Improvements in Windows Server and System Center 2012 R2
There are some significant feature improvements/introductions that we will highlight in WSSC 2012 R2.
- Windows Server 2012 R2 NGVRE appliance: WS2012 RRAS includes the ability to function as an NVGRE appliance. This means that you can deploy WS2012 R2 virtual machine(s) as NVGRE appliance(s) on a dedicated host(s) in an edge network instead of purchasing expensive third-party solutions. This is huge news because it makes SDN more affordable. Note that third-party solutions will offer additional benefits, including F5, in which the appliance will integrate with their BIG-IP load balancer for added intelligence of service optimization.
- HNV and Virtual Switch extensibility are compatible: HNV lived outside of the virtual switch in Windows Server 2012, and that meant that its traffic lived outside of the scope of any added virtual switch extension. In WS2012 R2, all HNV packets that pass through the virtual switch are subject to any inspection and/or management that is added in the form of a virtual switch extension.
- DHCP can be used for CA assignment: Tenants can use DHCP to assign CAs to their VMs on WS2012 R2 Hyper-V hosts. This is because HNV can learn the CAs assigned to VMs.
- Improved IPAM integration: WS2012 R2 IP Address Management integrates with VMM 2012 R2 and provides better network design and IP address management in the CA space.

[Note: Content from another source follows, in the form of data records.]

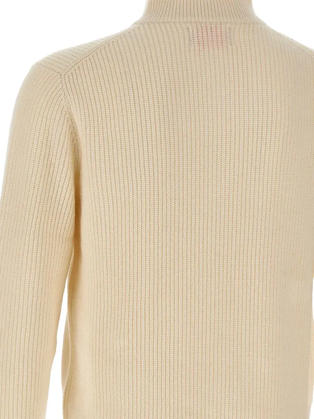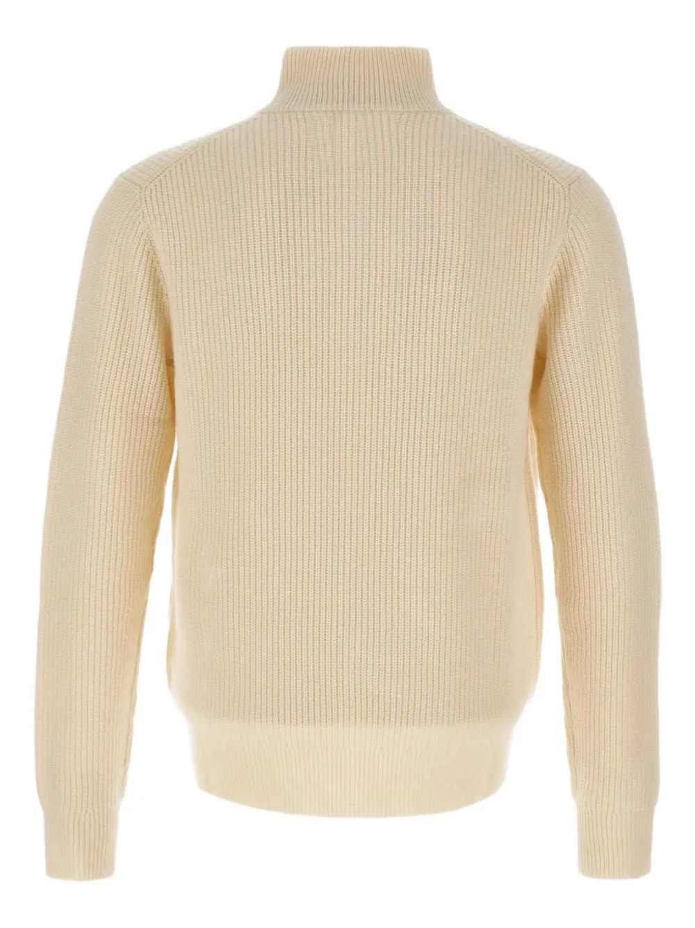 белый в рубчик, вязаный, высокий воротник, длинные рукава, застежка-молния, вышитый логотип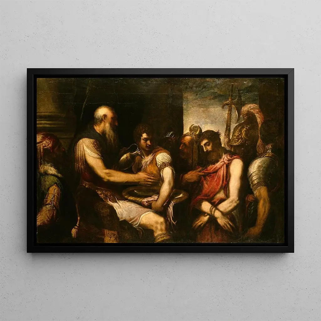 Le tableau "Le Christ devant Pilate" d'Andrea Schiavone est une œuvre saisissante qui capte l'intensité du moment où Jésus se tient devant le gouverneur romain. Les couleurs riches et les contrastes saisissants créent une atmosphère de tension palpable. La composition dynamique, avec des figures expressives et des gestes éloquents, invite le spectateur à ressentir l'angoisse et la détermination qui émanent de cette scène biblique. Les détails minutieux des vêtements et des visages témoignent de la maîtrise technique de Schiavone, tandis que l'utilisation de la lumière accentue le drame et la profondeur émotionnelle de l'œuvre.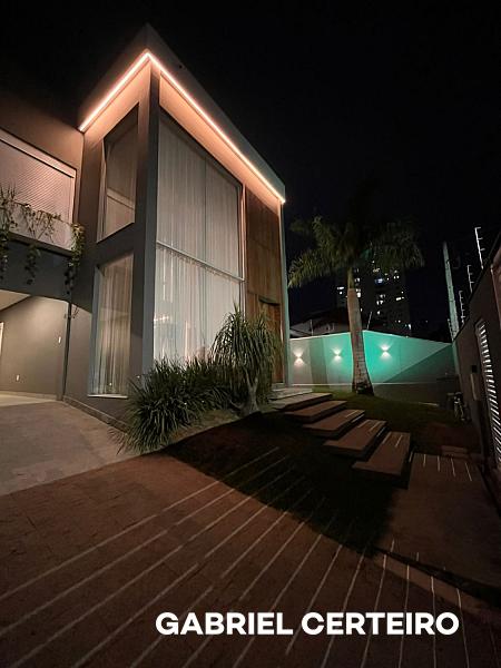 Entre os diferenciais estão a automação de som, ar-condicionado, cortinas, portão e venezianas; sistema de som integrado Frahm/LG; despensa; lavanderia ampla com varais sob medida; além de 2 lavabos (interno e externo). A garagem comporta 2 veículos cobertos e mais 1 descoberto.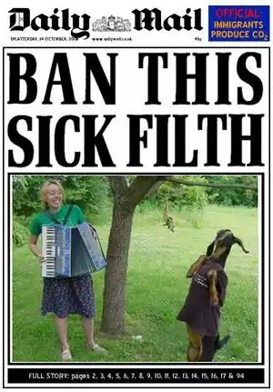 The Daily Mail (a.k.a. Hate Mail, Daily Fail, Daily Heil, Daily Moan, Crazy Mail, and so on) is a reactionary right-wing tabloid rag masquerading as a "traditional values" middle-class newspaper that is, in many ways, the second-worst of the British gutter press (only Rupert Murdoch's The Sun is worse). The Mail has been so consistently bad that Orwell called them out in Homage to Catalonia for supporting Franco.[1]:199,207 The Mail has also infamously supported Oswald Mosley and fascism.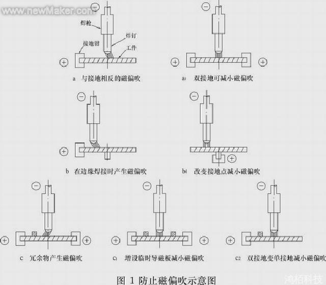 由于鋼結(jié)構(gòu)的不對(duì)稱性和接地鉗固定點(diǎn)不合理等諸多因素,造成螺柱焊接處附近的磁場(chǎng)分布不均勻,使電弧四周受到的電磁力不平衡,因而產(chǎn)生電弧的磁偏吹現(xiàn)象,致使螺柱四周的焊縫不對(duì)稱,這在大直徑螺柱焊或穿透焊時(shí),由于提升高度較大,因而更容易出現(xiàn)。焊后檢查如發(fā)現(xiàn)焊縫四周不均勻,或某邊根本沒有焊肉,或某邊焊縫有大量氣孔,則應(yīng)懷疑是磁偏吹造成的,解決的辦法有: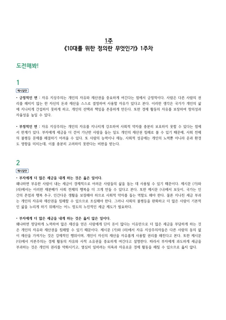 중1 5월 1주차 워크북 '도전해봐!' 예시답안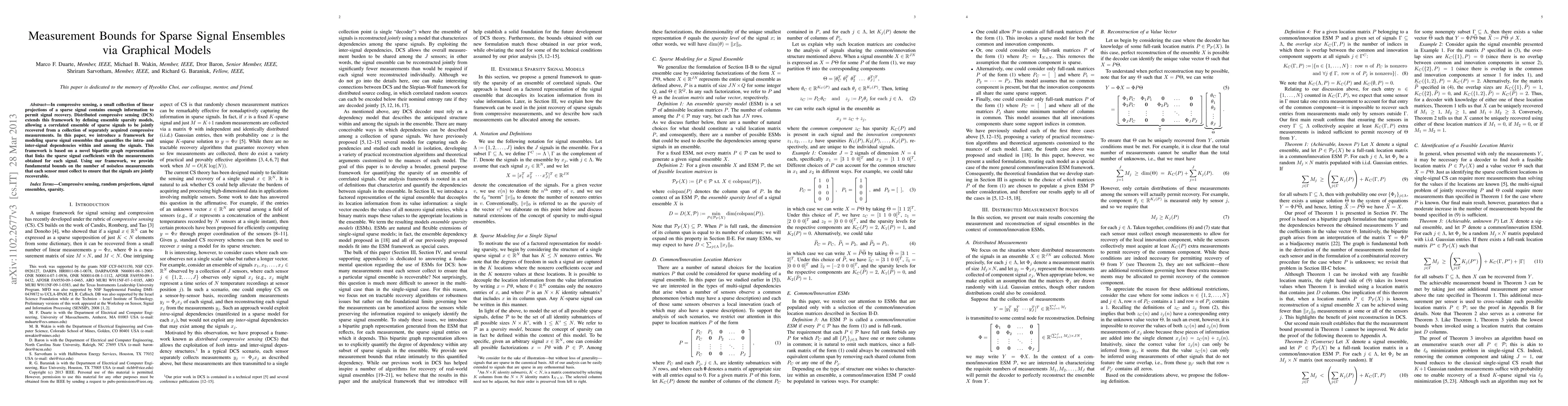 This paper introduces a framework for modeling sparse signal ensembles, providing bounds on the number of noiseless measurements needed to jointly recover correlated signals. It uses a bipartite graph representation to quantify intra- and inter-signal dependencies.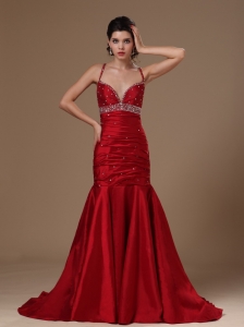 Wine Red Taffeta Mermaid Sweep Hottest Beaded Prom Celebrity Gowns For Custom Made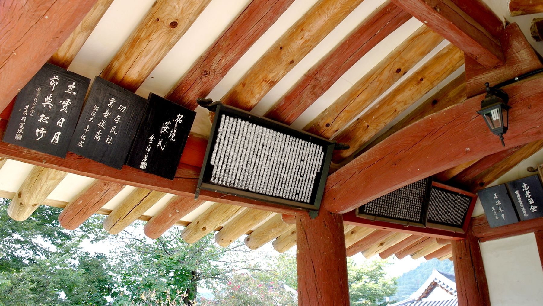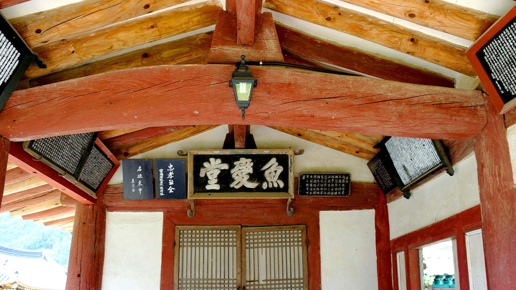 원기둥을 사용하여 건축된 어변당 내부에는 현판과 상량문 등이 부착되어 있습니다.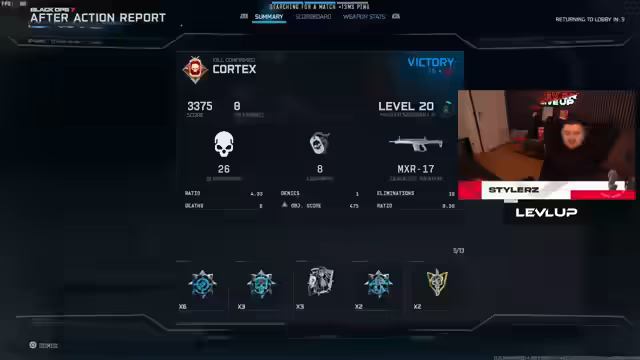 04:30:15Es wird sich bei EvilEye für den Support bedankt. Es wird über Perk Reads diskutiert, die auf Level 26 freigeschaltet werden und zusätzliche Perks ermöglichen. Es wird überlegt, welche Perks man auswählen soll und wie man die Klassen am besten anpasst. Es wird überlegt, ob man Assassin als Perk wählen soll. Es wird überlegt, welche Perks man als drittes Rotes spielen soll. Es wird überlegt, Lightweight zu spielen. Es wird sich darauf gefreut, wenn endlich wieder Skins im Shop sind. Es wird festgestellt, dass es sich komisch anfühlt, dass man nur ein Game kaufen kann. Es wird über den Busfahrer-Skin in der Vault Edition gesprochen. Es wird über Gunfighter Perk gesprochen. Es wird festgestellt, dass die Lobby-Suche nicht funktioniert. Es wird über Team Deathmatch gesprochen. Es wird sich auf Battlefield 6 gefreut. Es wird über die fehlenden Daten gesprochen. Es wird über die neue Map Classified gesprochen. Es wird sich darüber beschwert, dass man nur High-Level-Spieler findet. Es wird über Hardcore S&D gesprochen. Es wird über die TMR gesprochen. Es wird über die Ironside gesprochen.
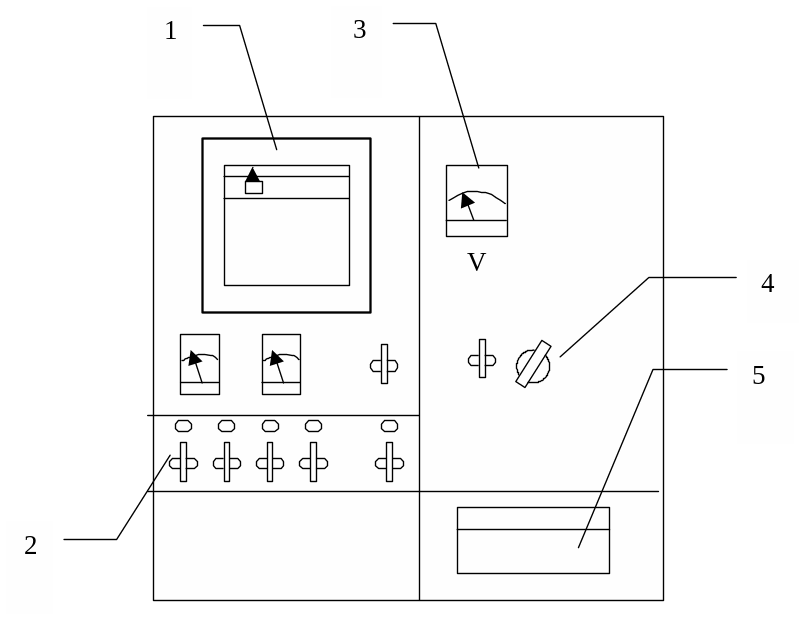 Лабораторная установка включает в себя щит контроля и управления и объект управления, представленный электронным имитатором динамики. Внешний вид установки представлен на рис. 1. На левой панели щита контроля и управления установлены: потенциометр 1 типа КСП-4И и тумблеры 2 подачи питания, включения ЭИД (“ЭИД”), включения возмущения на ЭИД (“ВОЗМУЩЕНИЕ”), сброса возмущения и перевода ЭИД в начальное состояние (“СБРОС”), а также соответствующие им светодиодные индикаторы. На правой панели расположены: вольтметр 3 для контроля величины возмущения, тумблеры 4 включения задатчика и переменное сопротивление для установки величины задания. В нижней части правой панели, в закрытой нише, установлены ЭИД 5 и тумблеры подключения ЭИД к потенциометру.

- Diagnostics: Cloud operators can test VM connectivity without logging into a tenant’s VM
Damian Flynn (MVP, Cloud, and Datacenter Management) and Nigel Cain (Microsoft) are writing a series of articles to explain the concepts of HNV and how to design and implement a solution using System Center. This series is expanding over time and is essential reading for anyone want to learn about the intricacies of HNV. There is a steep learning curve, but it is one worth climbing.
At TechEd 2013, Greg Cusanza (Microsoft) and Charlie Wen (Microsoft) presented two sessions (MDC-B350 and MDC-B351) that is must-watch content if you are just reviewing the concepts of HNV. In it, they explain how HNV works and how it can be designed and implemented, and they go over the new features of Windows Server and System Center 2012 R2.